Task directions: Give all of the data again exactly as written, omitting every image.

Material for this task:
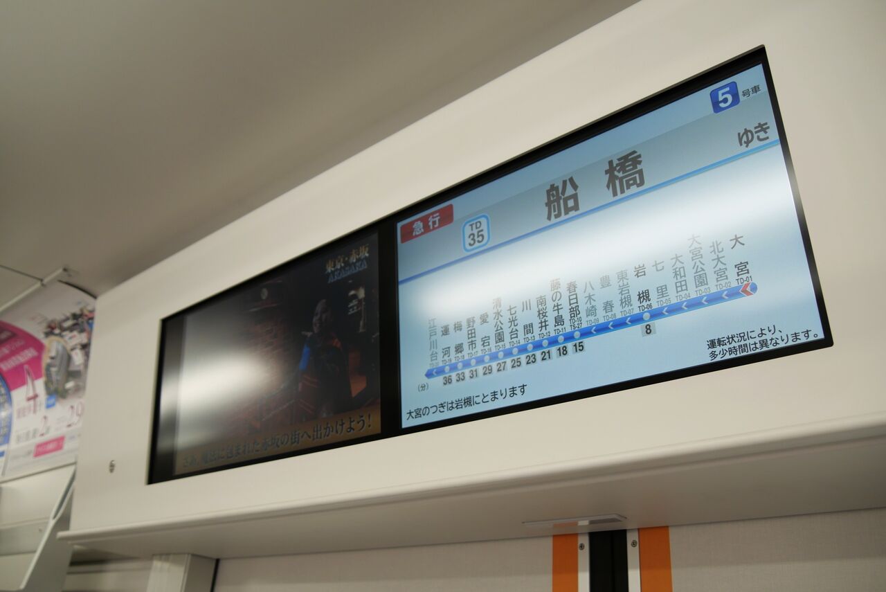 東武鉄道によると、今回乗車した80000系は、環境への配慮や省メンテナンス・省エネルギー化、バリアフリーの推進や安全性・快適性の向上を図った上で5両編成としたようですが、東武野田線は混雑する路線なので、その点は大丈夫なのかちょっと気になった乗車でした。
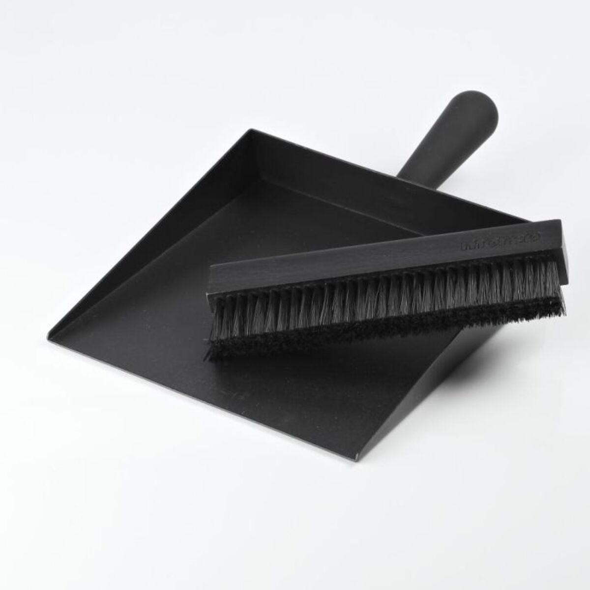 Dustpan and brush from Morso made of steel with rubber grips. The hand duster can be stored in the dustpan, easy and compact!
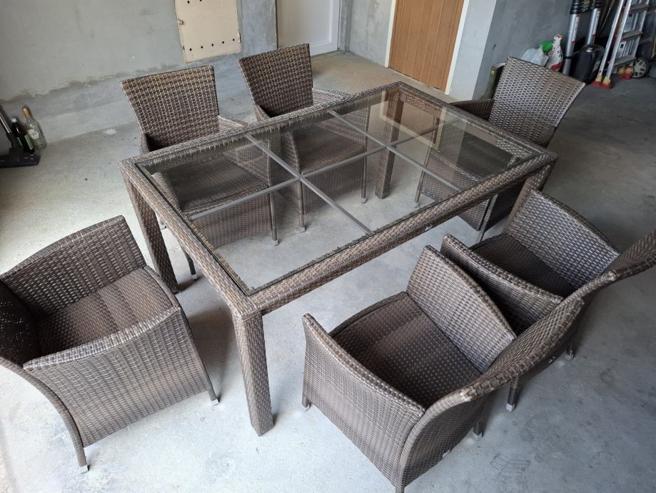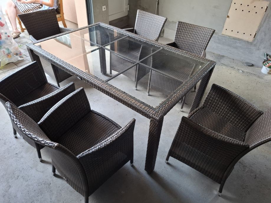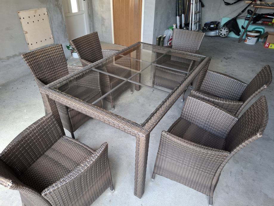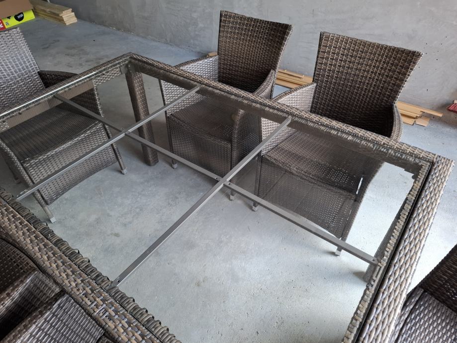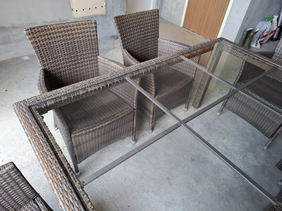 Na prodaju dobro ocuvan vrtni namjestaj od ratana, sa minimalnim tragovima koristenj. Jedna stolica ( gornji dio naslonjaca ) malo popucao, ali sve stolice se mogu normalno koristiti.
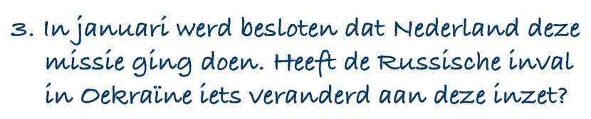 “Er is geen actieve dreiging dat ons personeel of materieel iets wordt aangedaan, maar we hebben wel te maken met grote cyberdreigingen. Iedereen heeft een telefoon gekregen die na deze uitzending vernietigd wordt. Privételefoons liggen thuis. We zijn heel bewust bezig hoe we met informatie omgaan, in Nederland zijn hier voorlichtingen over gegeven. We zijn er nu extra scherp op.”
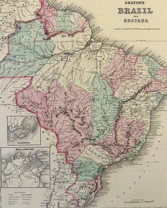 Brazil, Guayana and Rio de Janeiro, Original map by J.H. Colton, 1871
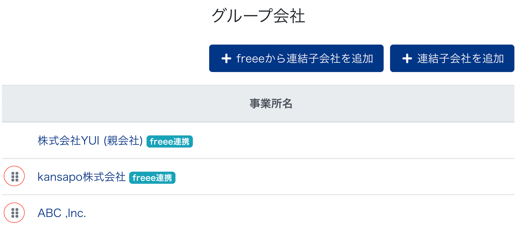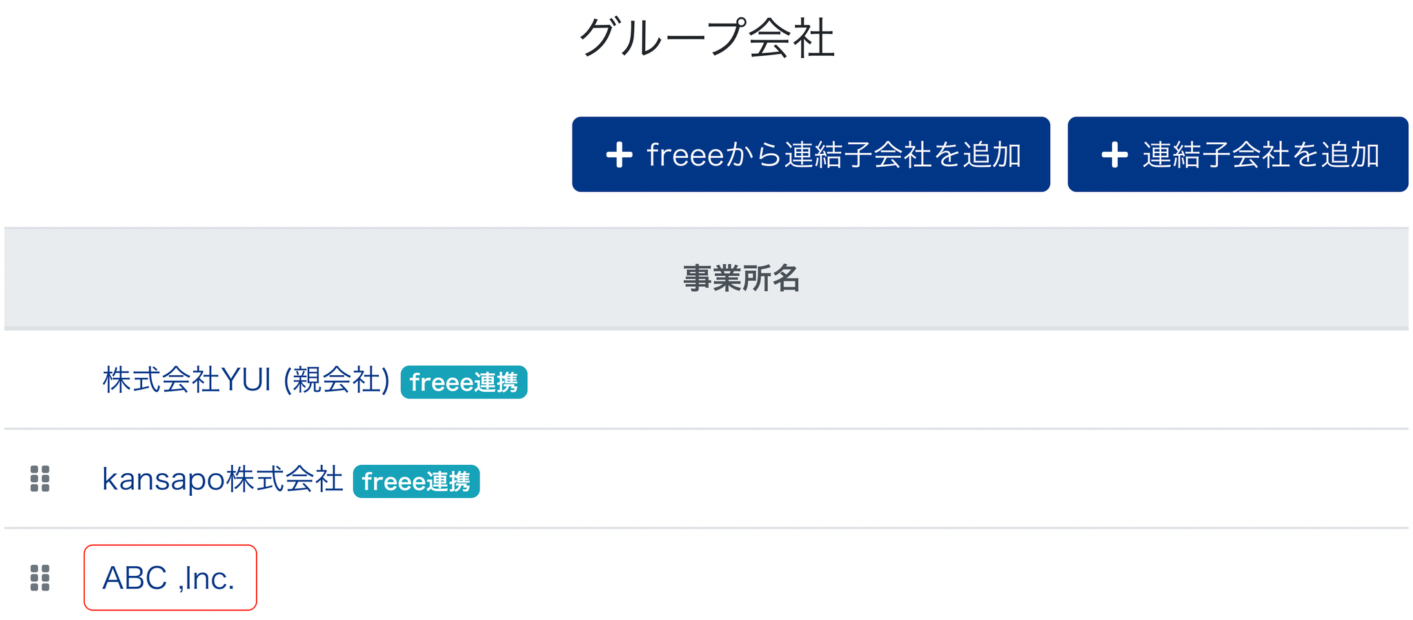 - 以下の赤丸で囲っているマークをドラッグ&ドロップして子会社の順番を入れ替えることができます
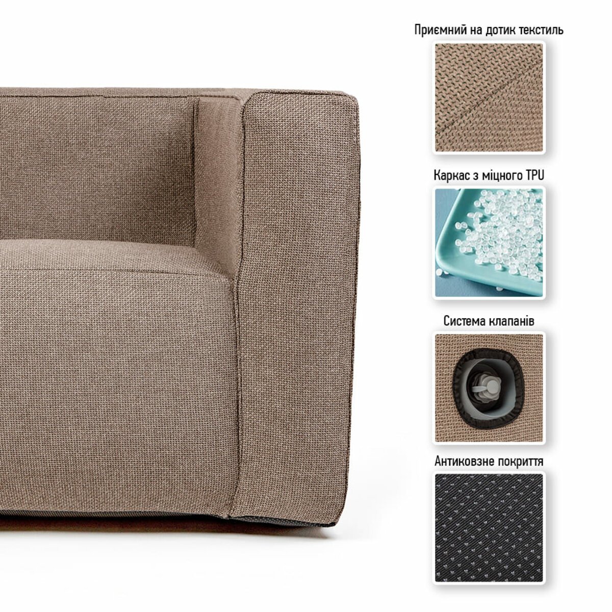 Надувний каркас меблів виготовлений з TPU – це високоякісний термопластичний поліуретан, який відрізняється своєю міцністю, еластичністью та стійкістю до механічних пошкоджень. Він має молекулярну структуру, яка дозволяє йому бути одночасно гнучким та довговічним. TPU стійкий до жирів та олій, ультрафіолетового випромінювання та погодних умов, що робить його ідеальним для використання на відкритому повітрі. Матеріал також має високу стійкість до зносу та проникнення води. Робоча температура TPU коливається від -40°C до 80°C, при цьому зберігає свої властивості без значних змін у розмірі.
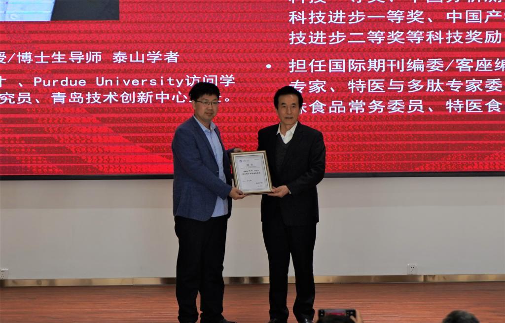 食品与生物工程学院院长金海珠教授致开幕词,对侯虎教授以及各位专家的到来表示热烈欢迎,他指出,此次活动目的是加强学术交流,打造联盟共同体,把握科技方向,争做行业一流。接下来,金院长为侯虎教授颁发了烟台理工学院兼职教授聘任证书。
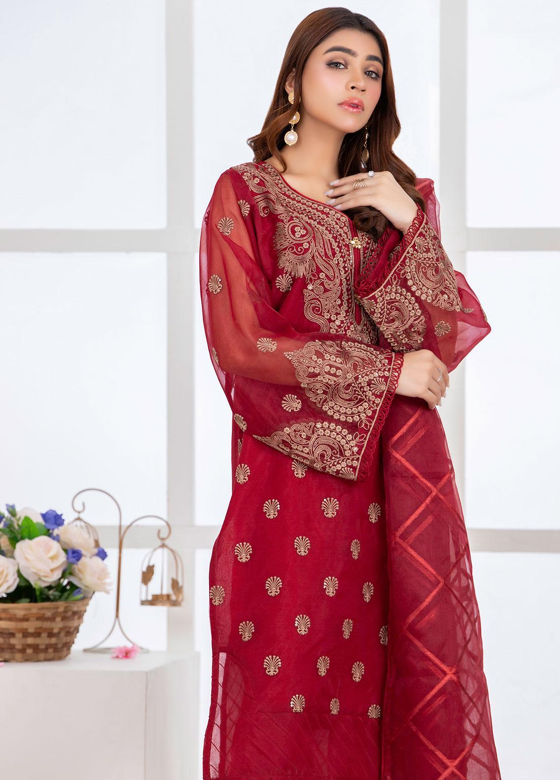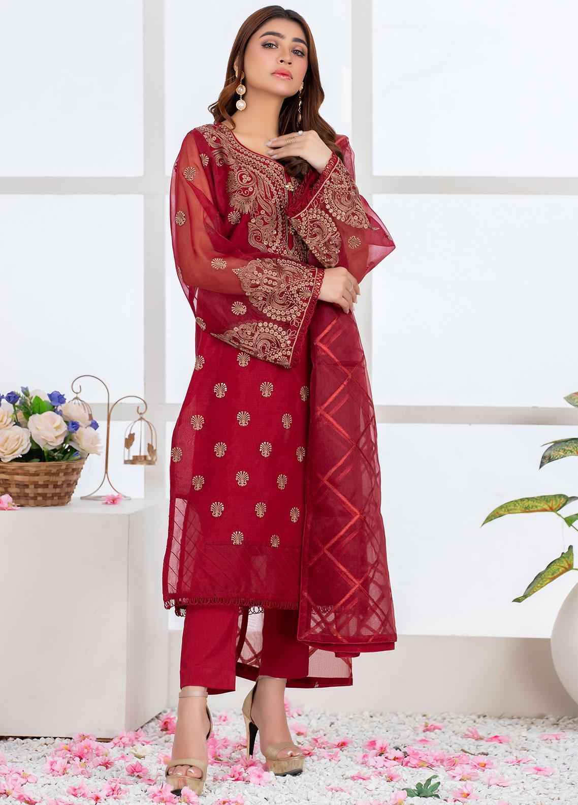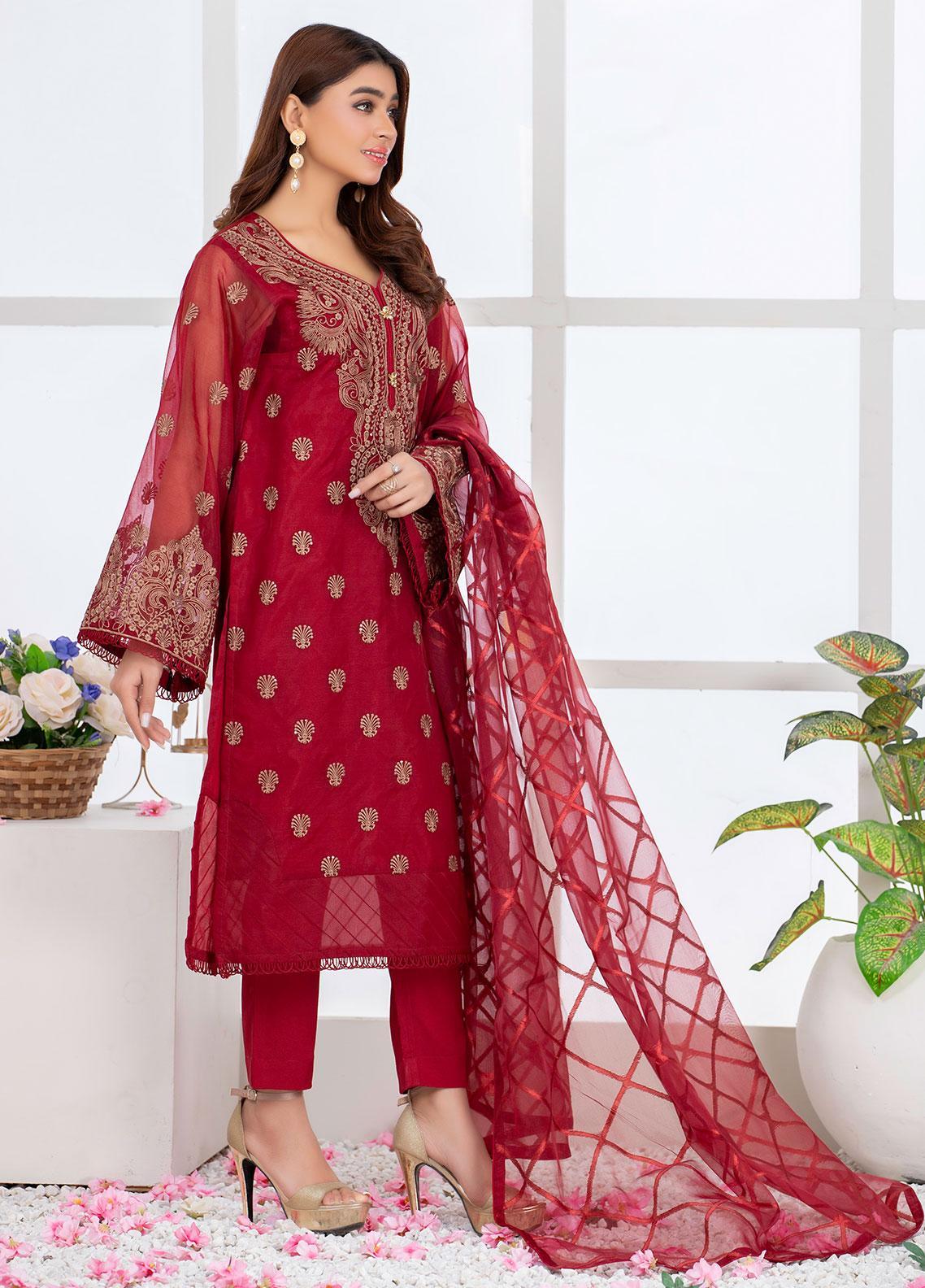 Mosaic Pret Luxury Organza 3 Piece Suit MS21S 02 MAROON

Response for this exercise:
 東武鉄道によると、今回乗車した80000系は、環境への配慮や省メンテナンス・省エネルギー化、バリアフリーの推進や安全性・快適性の向上を図った上で5両編成としたようですが、東武野田線は混雑する路線なので、その点は大丈夫なのかちょっと気になった乗車でした。
 Dustpan and brush from Morso made of steel with rubber grips. The hand duster can be stored in the dustpan, easy and compact!
 Na prodaju dobro ocuvan vrtni namjestaj od ratana, sa minimalnim tragovima koristenj. Jedna stolica ( gornji dio naslonjaca ) malo popucao, ali sve stolice se mogu normalno koristiti.
 “Er is geen actieve dreiging dat ons personeel of materieel iets wordt aangedaan, maar we hebben wel te maken met grote cyberdreigingen. Iedereen heeft een telefoon gekregen die na deze uitzending vernietigd wordt. Privételefoons liggen thuis. We zijn heel bewust bezig hoe we met informatie omgaan, in Nederland zijn hier voorlichtingen over gegeven. We zijn er nu extra scherp op.”
 Brazil, Guayana and Rio de Janeiro, Original map by J.H. Colton, 1871
 - 以下の赤丸で囲っているマークをドラッグ&ドロップして子会社の順番を入れ替えることができます
 Надувний каркас меблів виготовлений з TPU – це високоякісний термопластичний поліуретан, який відрізняється своєю міцністю, еластичністью та стійкістю до механічних пошкоджень. Він має молекулярну структуру, яка дозволяє йому бути одночасно гнучким та довговічним. TPU стійкий до жирів та олій, ультрафіолетового випромінювання та погодних умов, що робить його ідеальним для використання на відкритому повітрі. Матеріал також має високу стійкість до зносу та проникнення води. Робоча температура TPU коливається від -40°C до 80°C, при цьому зберігає свої властивості без значних змін у розмірі.
 食品与生物工程学院院长金海珠教授致开幕词,对侯虎教授以及各位专家的到来表示热烈欢迎,他指出,此次活动目的是加强学术交流,打造联盟共同体,把握科技方向,争做行业一流。接下来,金院长为侯虎教授颁发了烟台理工学院兼职教授聘任证书。
 Mosaic Pret Luxury Organza 3 Piece Suit MS21S 02 MAROON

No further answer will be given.